Niedziela minęła nie ubłagalnie szybko i nadszedł ten okropny poniedziałkowy poranek. Cały chodziłem spięty i zdenerwowany. Bałem się, że coś pójdzie nie tak. Przez ten stres ciężko mi było zjeść śniadanie. Musiałem jeszcze poprawić włosy i byłem już tak naprawdę gotowy. Jakieś 15 minut później usłyszałem dzwonek do drzwi. Zaraz mi serce wyskoczy. Otworzyłem drzwi wejściowe.

-Cześć-przywitałem się pierwszy z lekkim uśmiechem na twarzy.

-Hej Niall-Odwzajemnił uśmiech-Jesteś gotowy? Możemy jechać?-Pokiwałem tylko głową i zabrałem plecak. Zakluczyłem drzwi i poszliśmy w stronę jego auta.

-Nie spodziewałem się, że się zgodzisz-Powiedział po chwili krępującej ciszy.

-Muszę z tobą porozmawiać.

-Tak ja z tobą też Niall. Chcę Cię jeszcze tylko poprosić abyś dał mi wszystko wytłumaczyć do końca, jak nadal mi nie będziesz wierzył to dam Ci spokój- Powinienem mu powiedzieć to teraz czy poczekać jak dojedziemy pod szkołę. Poczekam. Pod szkołę dojechaliśmy w totalnej już ciszy. Wysiedliśmy z auta. Harry miał już zamiar iść pod szkołę, ale ja wolałem tu porozmawiać więc złapałem go za rękę.
-Harry.. J-Ja chciałem Ci powiedzieć, że Ci wierzę. Przepraszam za to, że Ci nie wierzyłem. Jestem naprawdę słabym chłopakiem. Jeszcze raz przepraszam-Patrzyłem na swoje buty, a do Harry'ego nadal chyba ta wiadomość nie dotarła.
-Naprawdę?
-Tak. Było mi tak przykro, że nawet nie chciałem słuchać gadania Liam'a. Nikogo się nie słuchałem. Powinien dać Ci szansę i jako twój chłopak Ci uwierzyć, ale ja wolałem płakać sobie w poduszkę w pokoju niż dać Ci to sensownie wytłumaczyć.
-Niall nawet nie wiesz jak się cieszę-Uśmiechnął się szeroko, a ja wtuliłem się w niego co go chyba trochę zdziwiło.
-Tęskniłem za tobą-Powiedziałem cicho.
-Ja za tobą też Ni, nawet nie wiesz jak bardzo. I Niall chcę żebyś wiedział, że kocham tylko i wyłącznie ciebie. Niegdy w życiu nie pocałował bym Victorii czy też innej dziewczyny lub chłopaka. Kocham Cię i chcę żebyś to wiedział.
-Przepraszam Harry. Kocham Cię-Pocałował mnie delikatnie w usta.
-Uuuuuu. Czyli nasza para powróciła?- Pocałunek przerwał nam Liam koło którego szedł Zayn.
-Jak widać-Uśmiechnął się Harry i złapał mnie za rękę.
-Wreszcie! Już nie mogłem wytrzymać tej rozłąki.

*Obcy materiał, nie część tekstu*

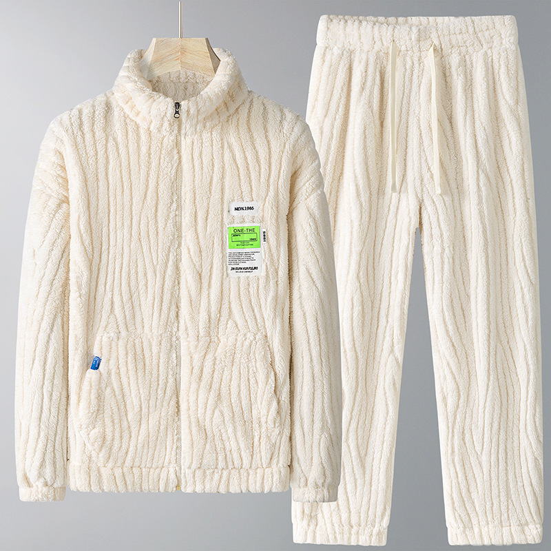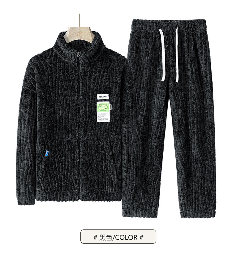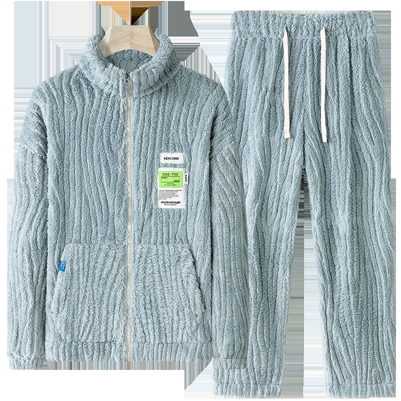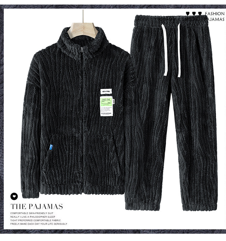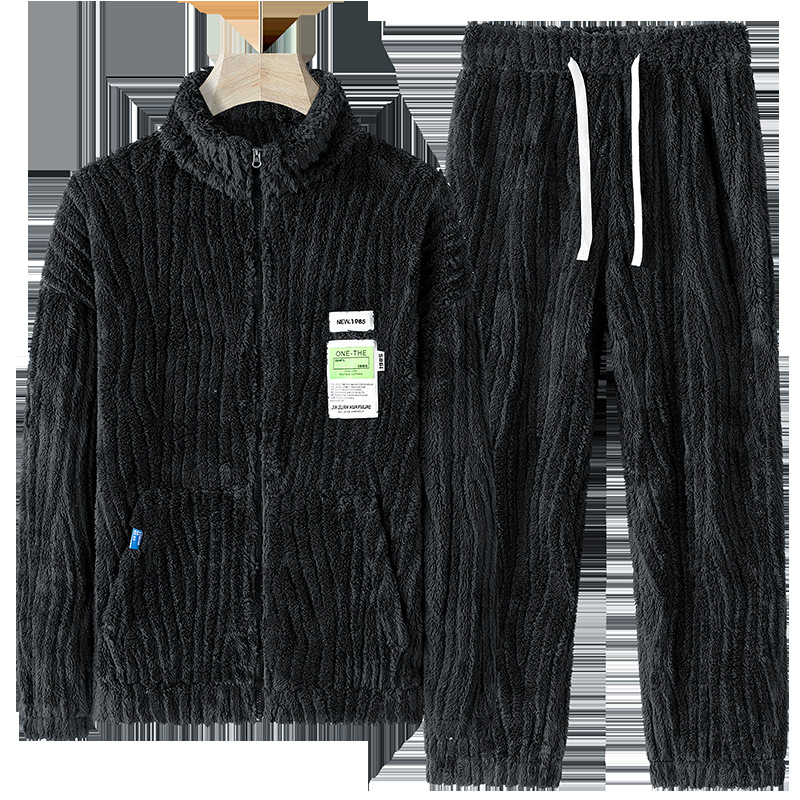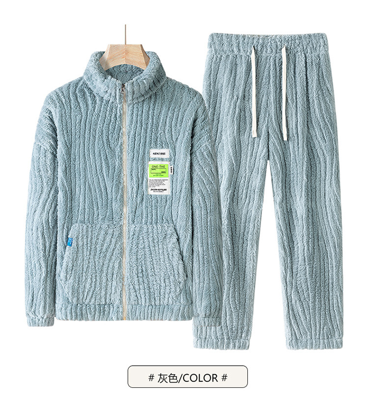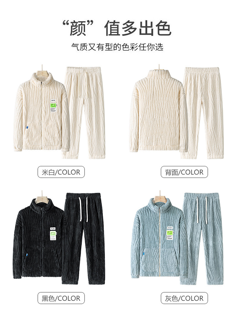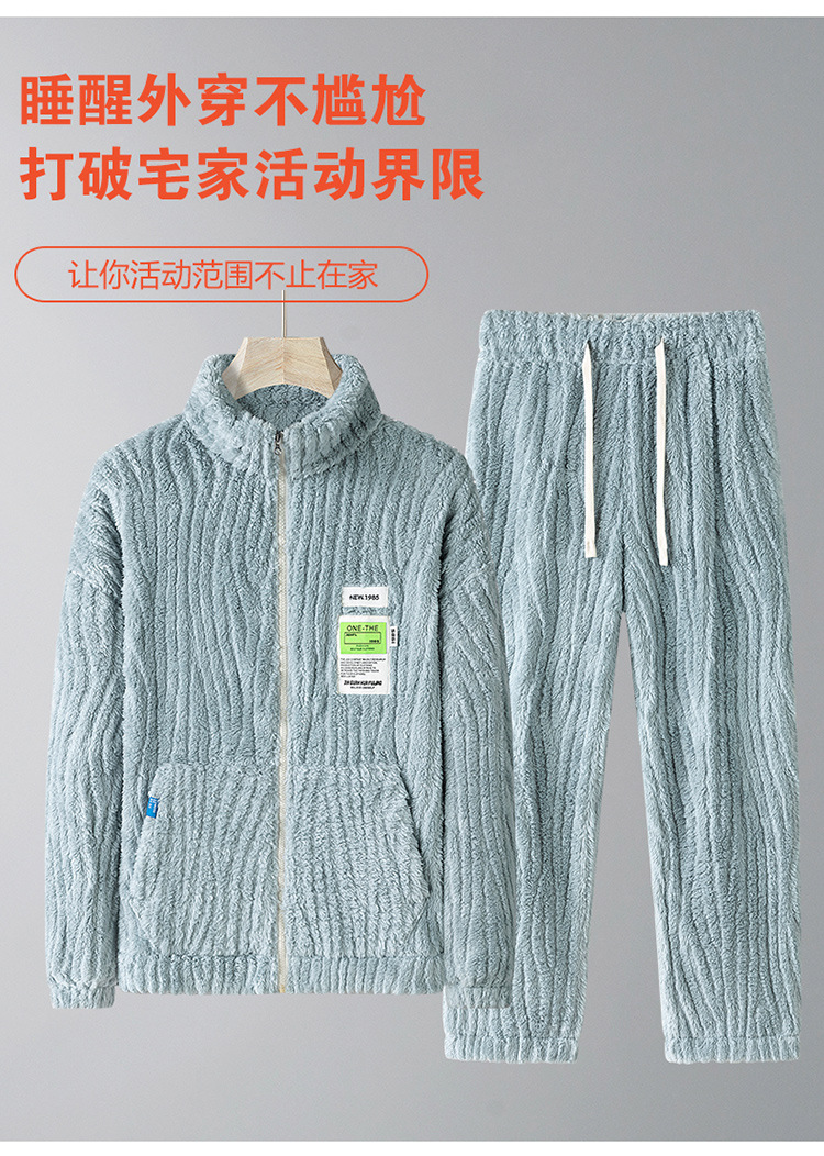 겨울 산호 양털 무거운 기모 두꺼운 지퍼 카디건 플러스 사이즈 파자마 플란넬 플러스 사이즈 남성용 따뜻한 집 옷스토어 가기

Dziwnie było gdy nie spędziliśmy przerw wszyscy razem. Brakowało mi tego-Powiedział Zayn.
-Taak. Mi też tego brakowało. I do tego Zayn nie musisz się umawiać z Victorią!-Harry popatrzył na Liam'a lekko wkurzony.
-Kurde. Sorki chyba tego nie powinien mówić-Zaśmiał się nerwowo.
-No jak już to powiedziałeś Li to teraz się tłumaczcie-Powiedziałem.
-No bo nie wierzyłeś Harry'emu no to wymyśliłem, że może Victoria powie Ci prawdę to uwierzysz, ale ta flądra nie chciała się zgodzić więc powiedziałem, że jak się zgodzi to Zayn się z nią umówi.
-Wow. Zayn i ty się na to zgodziłeś?
-Wkurzyłem się na poczatku, ale czego się nie robi dla przyjaciół-Zaśmiał się.
-Dziękuję chłopcy-Uśmiechnąłem się.
-Coś mnie omineło?-Powiedział Louis który dopiero teraz przyszedł.
-Nawet nie wiesz jak dużo stary-Liam poklepał go po ramieniu.
-No z tego co widzę to naprawdę sporo-Popatrzył na nasze złączone ręce i uśmiechnął się-No dobra, to kto mi opowie?
-Na razie nikt Lou za dwie minuty będzie dzwonek na lekcję-Powiedziałem i wszyscy zaczęliśmy iść w stronę drzwi wejściowych szkoły.
-Ejjj! Ja chcę wiedzieć teraz.
-Dowiesz się w swoim czasie Louis-Zaśmiał się Zayn.
-Ughh. Czemu mnie zawsze omija najlepsze, ale cieszę się, że wszystko wróciło do normy.

----
Przepraszam, że rozdziały co kilka dni, ale tracę już pomysły na to opowiadanie😣 Postaram się coś wymyślić żeby nie kończyć tego teraz.